Also comparing an online poster with powerful and influential people around Macron is whataboutery, pure and simple. Equating the mainstream left with the far right is not only morally disgusting but just about the most myopic and short term "strategising" imaginable.



To be fair I saw Le Monde post showing that the LREM losers in the first round who had NUPES-RN as a run off many endorsed NUPES or explicitly said not to vote RN.

Quote
Lors de sa prise de parole ce dimanche soir, Jean-Luc Mélenchon, a dénoncé « l’échec moral » de la majorité présidentielle, estimant que « sur 65 face-à-face entre la Nupes et le Rassemblement national, les donneurs de leçons de la macronie ont été incapables de donner une consigne claire dans 52 cas ».

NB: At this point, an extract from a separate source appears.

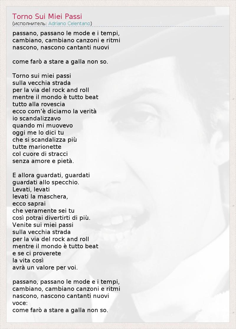 Пассано , Пассано ле режим E I темпов , Cambiano , Cambiano Canzoni е Ritmi nascono , nascono cantanti Nuovi прийти Фаро взглядом на Galla , не так . Torno Sui Miei Пасси Сулла Vecchia Страда за ла через дель рок -н-ролл mentre Il Mondo Поблагодарили Tutto бить Tutto алла rovescia ECCO com'è diciamo ла verità Ио scandalizzavo Quando миль muovevo OGGI меня вот ДИКИ ту че си scandalizza più Так поступают все марионетка цв Cuore ди stracci Senza напиток е pietà . E Allora Guardati , Guardati Guardati алло Specchio . Levati , levati levati ла -маскарад , ECCO saprai че Veramente сеи ту così potrai divertirti ди ГРП. Venite Sui Miei Пасси Сулла Vecchia Страда за ла через дель рок -н-ролл mentre Il Mondo Поблагодарили Tutto бить E SE CI proverete La Vita così AVRA ООН Valore за ВОИ . Пассано , Пассано ле режим E I темпов , Cambiano , Cambiano Canzoni е Ritmi nascono , nascono cantanti Nuovi Voce : прийти Фаро взглядом на Galla , не так .

Mais le leadeur de La France insoumise (LFI) exagère. Selon notre décompte, il y avait pour ce second tour des législatives 61 duels entre un candidat d’extrême droite (RN, Debout la France ou autre) et un candidat de la Nupes. Nous avons recensé les consignes et réactions des candidats d’Ensemble ! défaits dans ces 61 circonscriptions.

Avant ce 19 juin :

*16 candidats de la majorité présidentielle avaient clairement appelé à voter pour leur ex-rival de gauche ;
*16 avaient appelé à ne pas voter pour le RN ;
*12 étaient sur une ligne « ni-ni » ou souhaitaient voter blanc ;
*15 ne donnaient pas de consigne de vote ;
*2 ne s’étaient pas exprimés.

Ainsi, au moins 32 candidats d’Ensemble ! avaient donné une consigne claire pour ce second tour, contrairement à ce qu’affirme M. Mélenchon


It's not as clearcut , Macron should have communicated better.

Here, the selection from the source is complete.